First, let's deal with the "lone" bit. The Twins have had the worst record in the American League for most of the season. They're not getting multiple selectees. It's silly to see them talking about a fifth (or more) of the roster deserving to go. Mauer, Josh Willingham, Glen Perkins, Jared Burton, Denard Span, Scott Diamond ... all have been, more or less seriously, cited as legitimate candidates.

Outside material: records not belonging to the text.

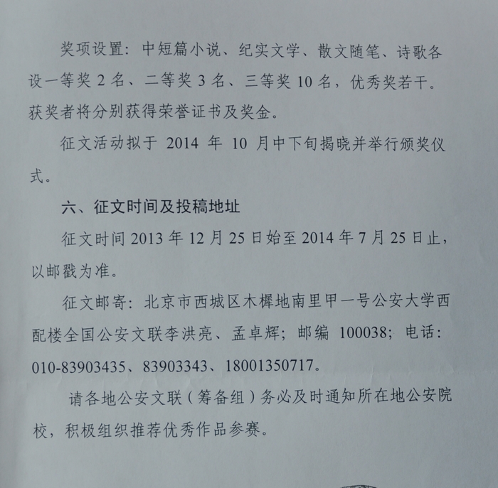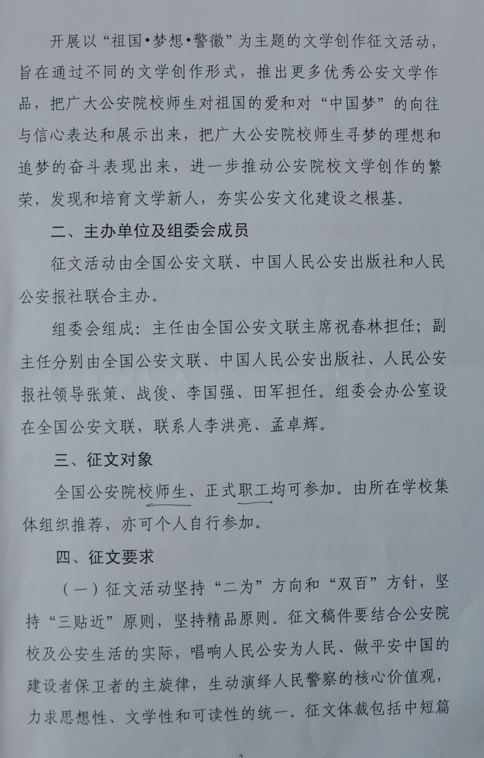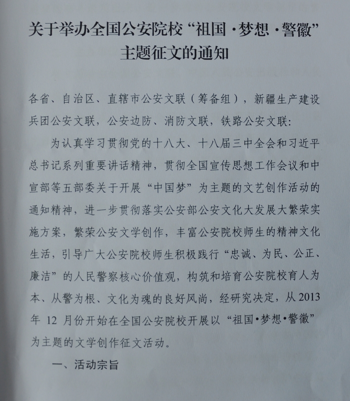 关于举办全国公安院校“祖国 梦想 警徽”主题征文的通知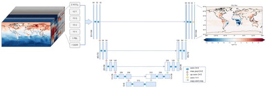 In our concentration–flux inversion model based on the U-Net neural network, the output layer represents the CO2 flux with dimensions of 91 by 144. The size of the input image is (91, 144, 64); thus, the input layer consists of 64 features. These features consist of 15 levels each of temperature profiles, humidity profiles, and meridional and zonal wind profiles, one level of boundary layer height, one level of shortwave radiation, and two time steps (current and next time steps) of CO2 concentration. Note that the change in CO2 concentration is determined by fluxes and other meteorological fields, so the current and next time steps of CO2 concentration are a good indication of the value of CO2 fluxes. Meanwhile, we selected 15 out of the 47 layers of meteorological profile features for model training to increase the efficiency and reduce the computational resources. The difference in current and next time steps of CO2 concentration and all layers of meteorological profile features were used to train the model, and the model showed similar performance. The U-Net model was trained on data from 2015 to 2017, with 2018 data serving as the validation set. Data from 2019 were used as the test dataset to validate the performance of the concentration–flux inversion model. Thus, the length of the training, validation, and test sets is 8768, 2920, and 2920, respectively.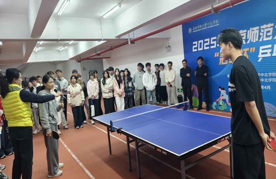 在技术动作指导与互动环节,同学们热情高涨,纷纷来到乒乓球桌前,与张莹莹展开了一场别开生面的技艺切磋。张莹莹耐心地从握拍姿势、发力技巧等方面进行讲解,亲自示范,并对同学们在技术姿势方面存在的问题给予了专业的改进意见。这场互动不仅让同学们受益匪浅,更让他们深刻感受到了乒乓球运动的魅力所在。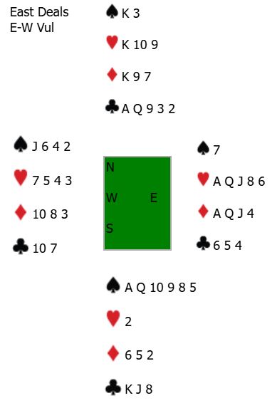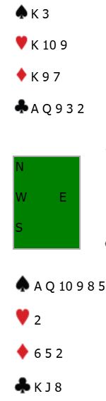 Etter østs åpning 1 hjerter klarte N/S å komme seg i den gode utgangen 4 spar. Vest passet hele meldingsforløpet, og øst meldte ikke mer enn åpningsmeldingen 1 hjerter.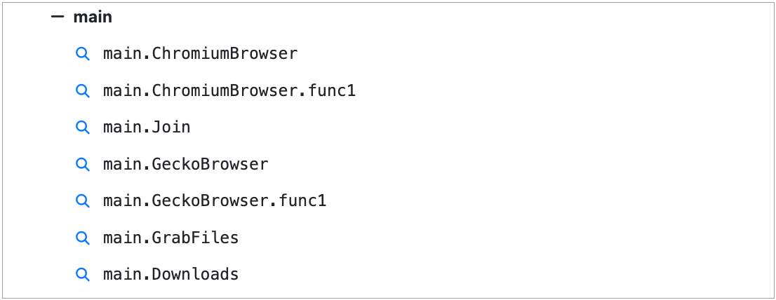 Of particular interest are the method names in the UserFunctions section, specifically the main module. Often these method names directly indicate the functionality of the binary and can be used to hunt for similar samples.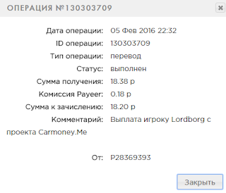 Комментарий: Выплата игроку Riafb.iz с проекта Carmoney.Me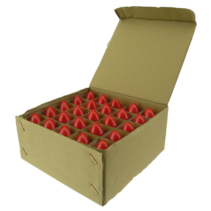 25 Pack 7 Watt C9 Ceramic Red Incandescent Light Bulb, Intermediate Base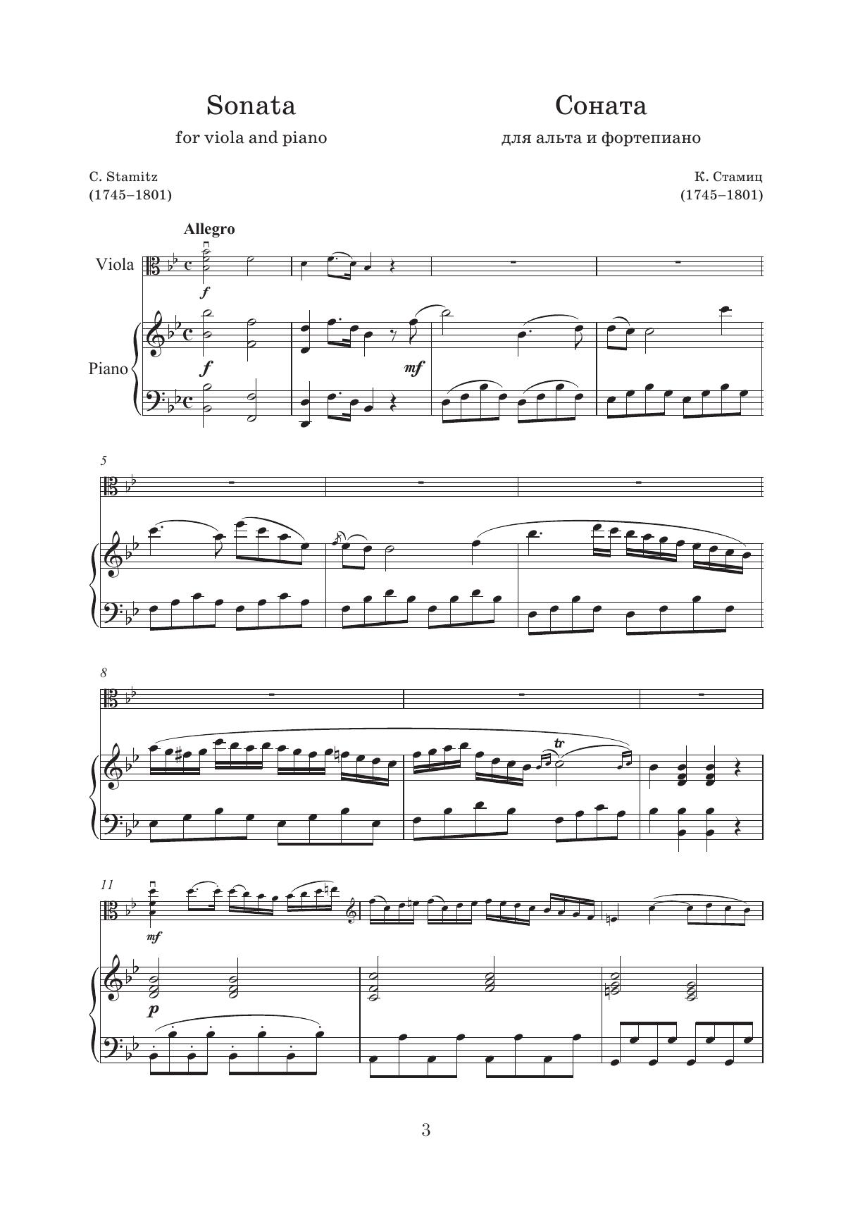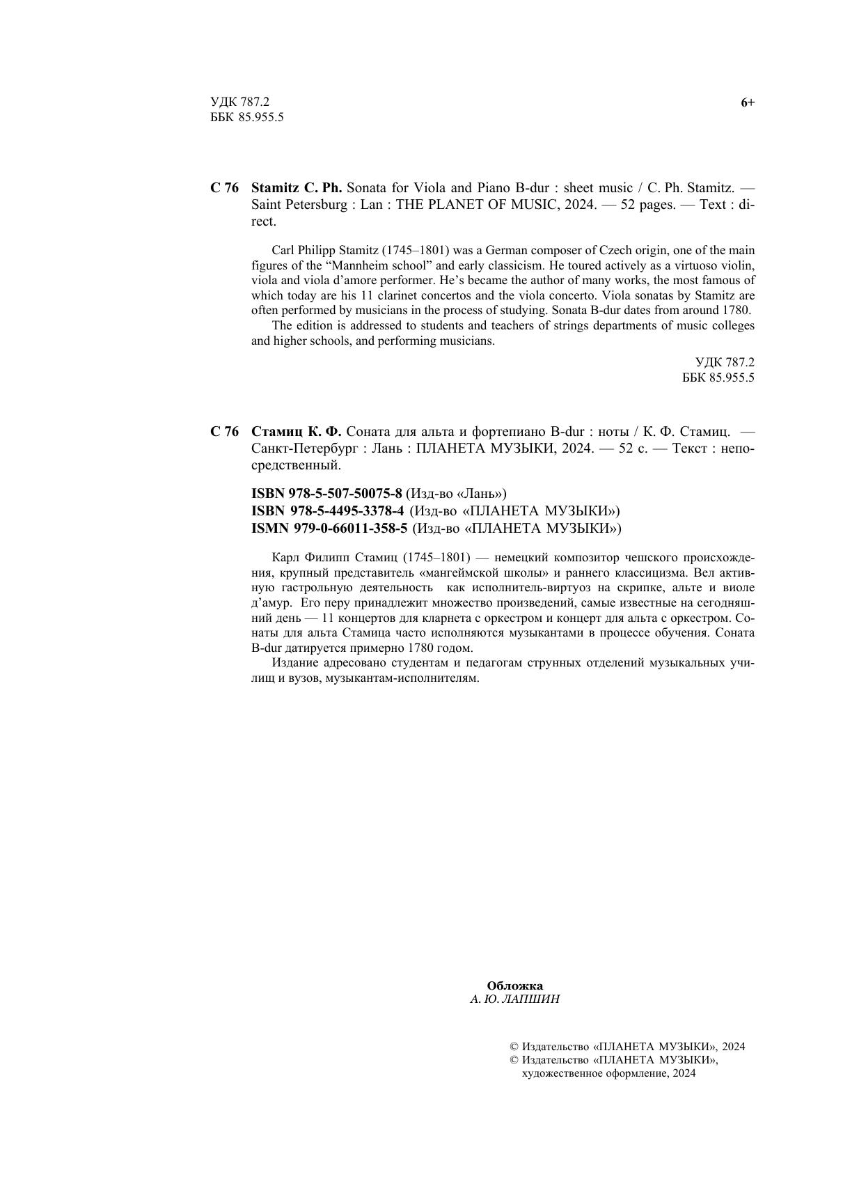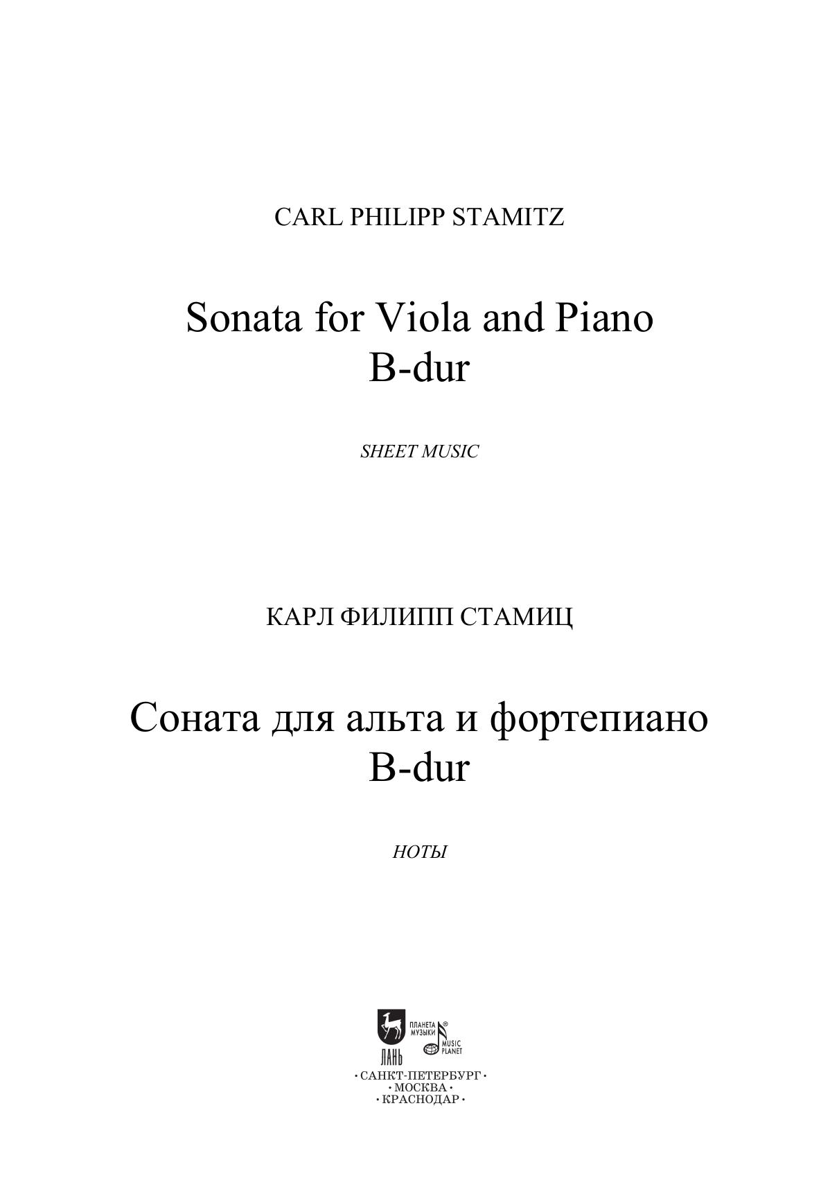 Карл Стамиц (1745–1801) — крупный представитель «мангеймской школы» и раннего классицизма. Вел активную гастрольную деятельность как исполнитель-виртуоз на скрипке, альте и виоле д’амур. Его перу принадлежит множество произведений, самые известные на сегодняшний день — 11 концертов для кларнета с оркестром и концерт для альта с оркестром. Сонаты для альта Стамица часто исполняются музыкантами в процессе обучения. Соната B-dur датируется примерно 1780 годом. Издание адресовано студентам и педагогам струнных отделений музыкальных училищ и вузов, музыкантам-исполнителям. Carl Philipp Stamitz (1745–1801) was a German composer of Czech origin, one of the main figures of the “Mannheim school” and early classicism. He toured actively as a virtuoso violin, viola and viola d’amore performer. He’s became the author of many works, the most famous of which today are his 11 clarinet concertos and the viola concerto. Viola sonatas by Stamitz are often performed by musicians in the process of studying. Sonata B-dur dates from around 1780. The edition is addressed to students and teachers of strings departments of music colleges and higher schools, and performing musicians.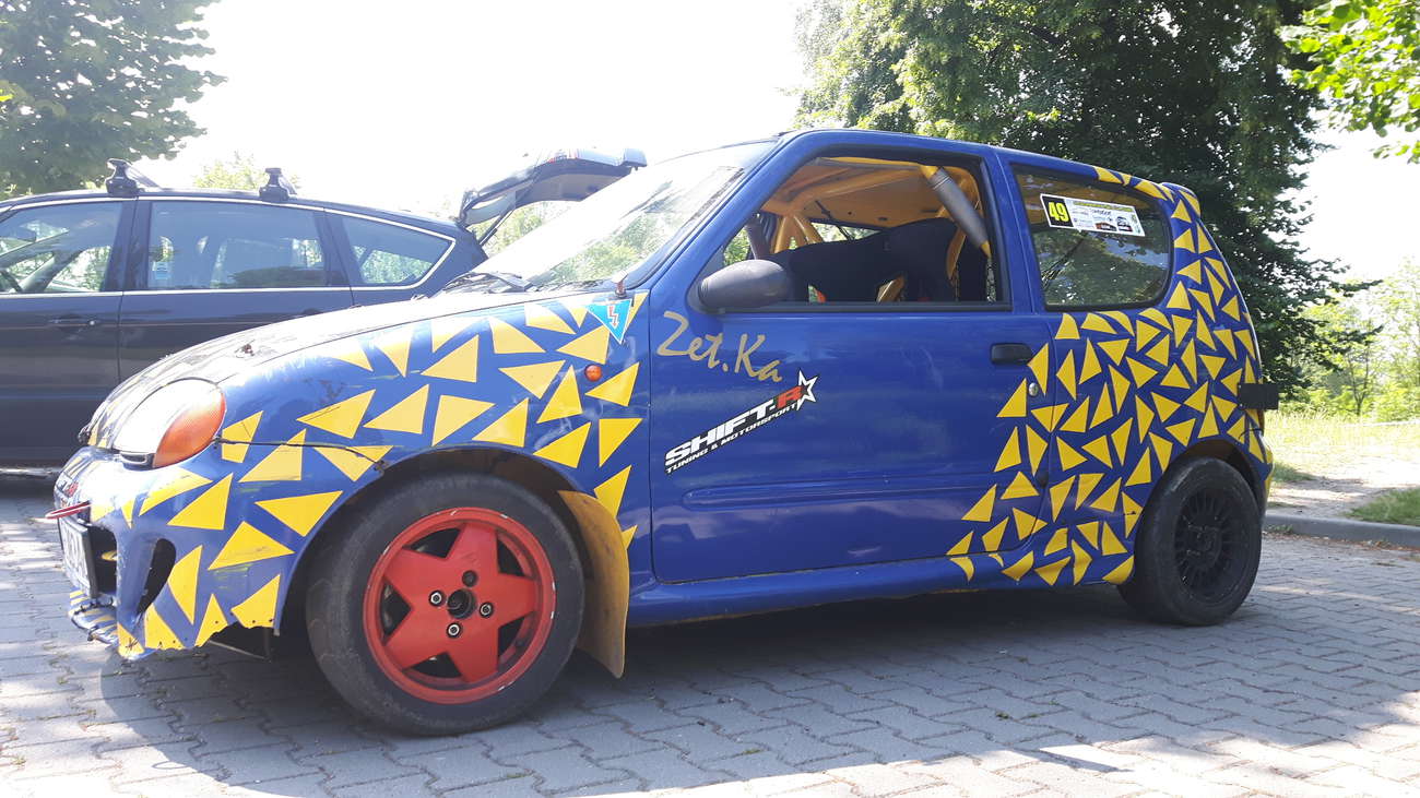 Start. “Strom Levá 1” řve strejda do mikrofonu. Hrrryyyccc za dva, hrrrryyyyy brzdaaa. Brzdit razantně ale s citem. V Seicentu neni ABS a hranice, kdy se kola zablokují je tenká i teď na asfaltu. Poslední dva metry i tak kloužem ve smyku a auto se natáčí do vracečky na zámkovou dlažbu, která vede na parkoviště. Hrrryyyyccc “Barel zleva”, snaží se přeřvat výfuk, za dva, hrrryyyy na prorostlé zatravňovací dlažbě je rychlejší to plynule objet, než dávat přes ručku. Udržet jemně trakci v oblouku plynem hrrryyy hrrrr hrrryyyy. “Levá 1 mezi stromy” hryyyyyycc za tři, hrrryyyy brzda brzda! Proklouzat zpátky po zámkové dlažbě a zahnout doleva. Kam dřív koukat? Mezi stromy nebo jak projet mezi krátery, které kolem křižování chodníků vyhloubily vozy přede mnou? Rána do podvozku. “Hrbol Levá 3” hrrryyyycc za dva, hrrryyyyyc za tři po tentokrát panelovém parkingu. Rána za ránou. Brzdit to něčeho hrozného. Nazvat hrbolem příčný hliněný kaňon, který býval trávníkem mezi parkovištěm a úzkou asfaltkou, je minimalistické. Prásk, hňáp, bech. Vyhrabat se na jedna po zanesené asfaltce srkz úzkou bránu. Hrrryyyyccc za dva, hrrryyyyyyy.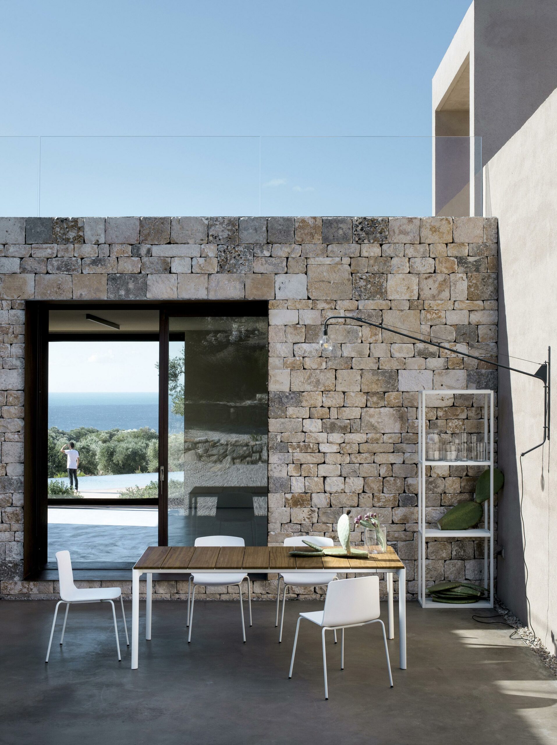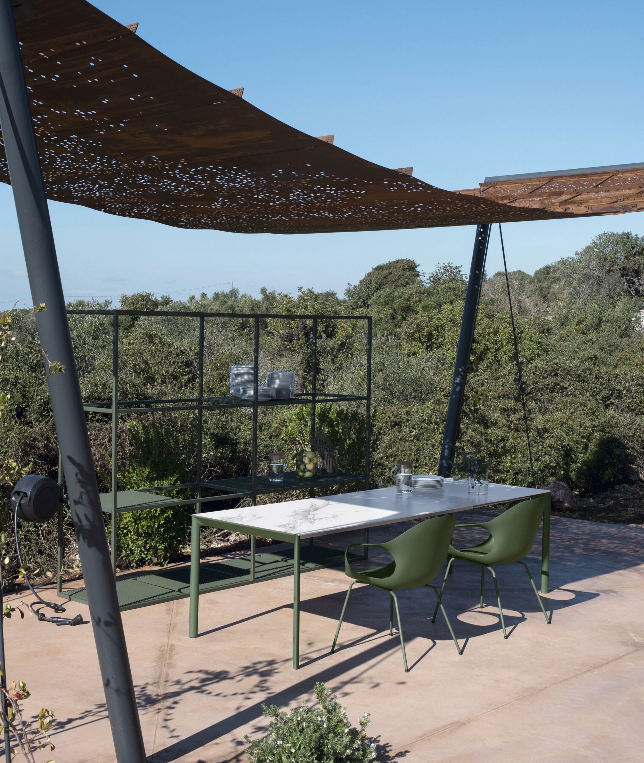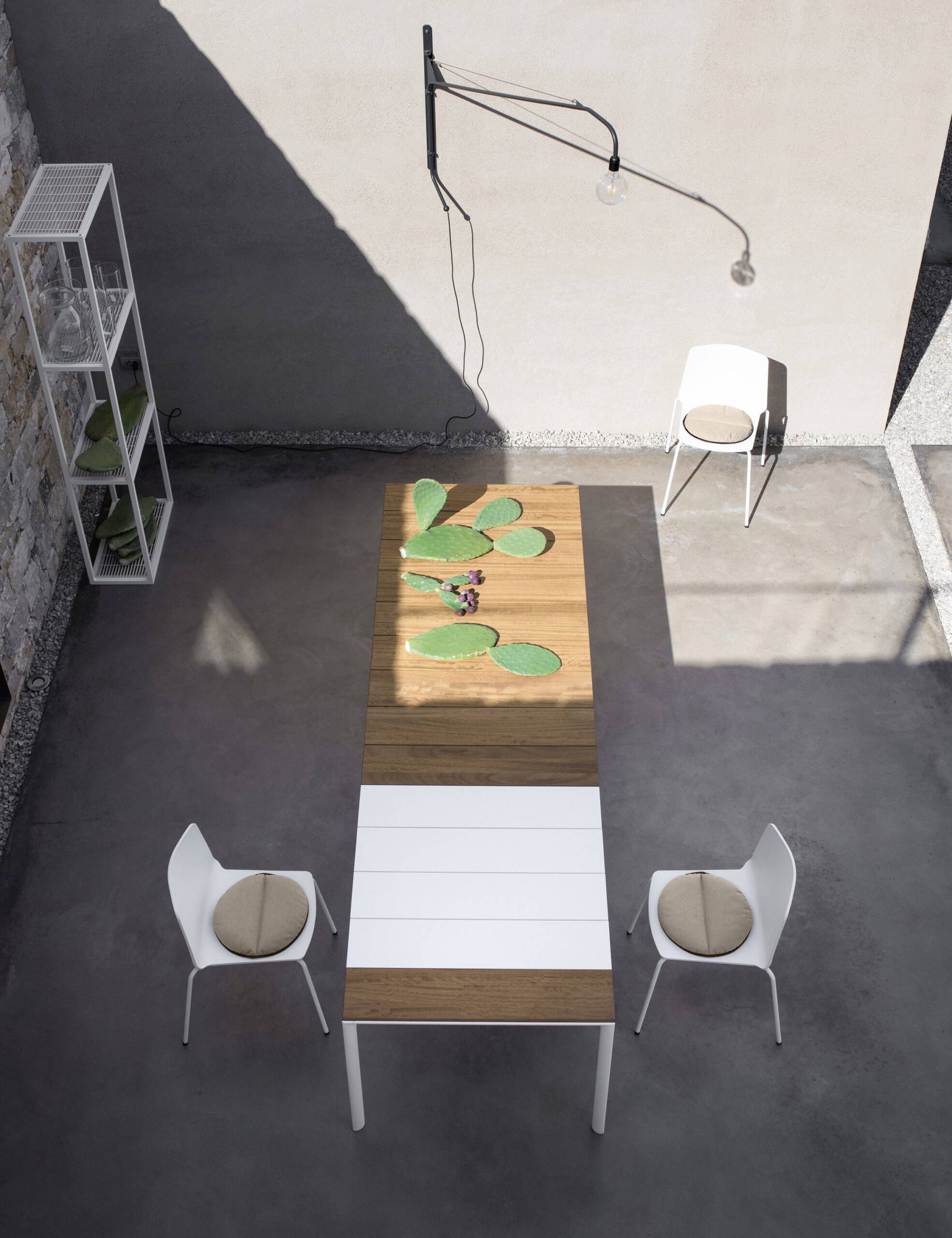 Ножки столов Maki округлой формы сочетаются со столешницей из тикового дерева шириной 20 см и толщиной 2 см, сертифицированной FSC для защиты окружающей среды. Столешницу можно оставить в ее естественном цвете, так как со временем она приобретает серебристый оттенок, который ни с чем нельзя спутать, или обработать маслом, чтобы вернуть ей первоначальный цвет. Выдвижные столы оснащены выдвижными алюминиевыми накладками, размещенными в специальном отсеке.

It's a bad team. The won-lost record says so. Bad teams don't have five All-Stars.

This is different than last season, when Michael Cuddyer was a mercy selection. Mauer leads the league in on-base percentage, the single most important offensive statistic. Willingham is having a career season. Neither would be an obvious weak link on the roster.

But there are plenty of outfield candidates as good or better than Willingham. Catcher is a different story.